SRES-201-119
Submitted in the Senate, considered, and agreed to without amendment and with a preamble by Unanimous Consent. (consideration: CR S2753; text: CR S2758)
Sponsored by Joni Ernst (R-IA)
What it does
This resolution expresses the Senate's support for designating the week of May 4–10, 2025, as "National Small Business Week." It honors the contributions of small businesses and entrepreneurs across the United States. The resolution is purely symbolic and does not create law, appropriate funds, or impose any requirements on any person or entity.
Who benefits
Small business owners and entrepreneurs who receive formal congressional recognition. Trade associations and advocacy groups representing small businesses, who may use the designation for promotional purposes. Local chambers of commerce and community organizations that organize events around the designation. The Small Business Administration, which has historically coordinated National Small Business Week activities since 1963.
Who is hurt
No group is materially harmed by this resolution. There are no mandates, spending changes, or regulatory effects. Congressional staff time is a negligible indirect cost borne by taxpayers.
Supporters argue
Supporters argue that formal congressional recognition highlights the outsized role small businesses play in the U.S. economy — more than 34.5 million small businesses support over 59 million jobs, according to the resolution's own findings.

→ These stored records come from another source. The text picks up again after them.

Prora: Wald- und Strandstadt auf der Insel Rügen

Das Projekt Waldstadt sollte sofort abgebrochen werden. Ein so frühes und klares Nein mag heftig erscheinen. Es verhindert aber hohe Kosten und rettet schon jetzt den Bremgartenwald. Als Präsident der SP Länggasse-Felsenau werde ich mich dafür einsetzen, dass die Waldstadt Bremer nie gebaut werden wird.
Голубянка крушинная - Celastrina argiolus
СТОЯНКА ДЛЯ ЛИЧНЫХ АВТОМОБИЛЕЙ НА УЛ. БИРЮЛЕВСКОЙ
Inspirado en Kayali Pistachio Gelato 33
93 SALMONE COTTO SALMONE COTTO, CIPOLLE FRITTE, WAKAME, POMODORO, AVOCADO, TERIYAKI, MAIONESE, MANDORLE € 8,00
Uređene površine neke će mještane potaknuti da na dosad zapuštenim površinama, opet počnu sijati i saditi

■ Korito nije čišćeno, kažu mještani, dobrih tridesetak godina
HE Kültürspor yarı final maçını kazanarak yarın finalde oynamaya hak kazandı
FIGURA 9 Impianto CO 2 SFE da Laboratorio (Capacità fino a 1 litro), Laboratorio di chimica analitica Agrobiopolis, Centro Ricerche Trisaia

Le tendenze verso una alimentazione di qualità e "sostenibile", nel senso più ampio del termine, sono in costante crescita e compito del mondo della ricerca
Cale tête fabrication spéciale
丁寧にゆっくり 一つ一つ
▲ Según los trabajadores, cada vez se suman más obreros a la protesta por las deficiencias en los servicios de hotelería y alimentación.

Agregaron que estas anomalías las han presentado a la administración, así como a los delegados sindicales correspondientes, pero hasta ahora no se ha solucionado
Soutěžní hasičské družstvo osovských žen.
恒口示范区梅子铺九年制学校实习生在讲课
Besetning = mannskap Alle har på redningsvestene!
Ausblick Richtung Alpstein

They contend that symbolic recognition raises public awareness, encourages consumer support for local businesses, and continues a bipartisan tradition dating back to every presidential administration since 1963.
Opponents argue
Opponents could argue that purely symbolic resolutions consume limited floor time and legislative resources without producing any measurable policy outcome for small businesses. They might contend that the same congressional energy would be better directed toward substantive legislation addressing the specific challenges — such as access to capital, regulatory compliance costs, or workforce shortages — that small businesses actually face.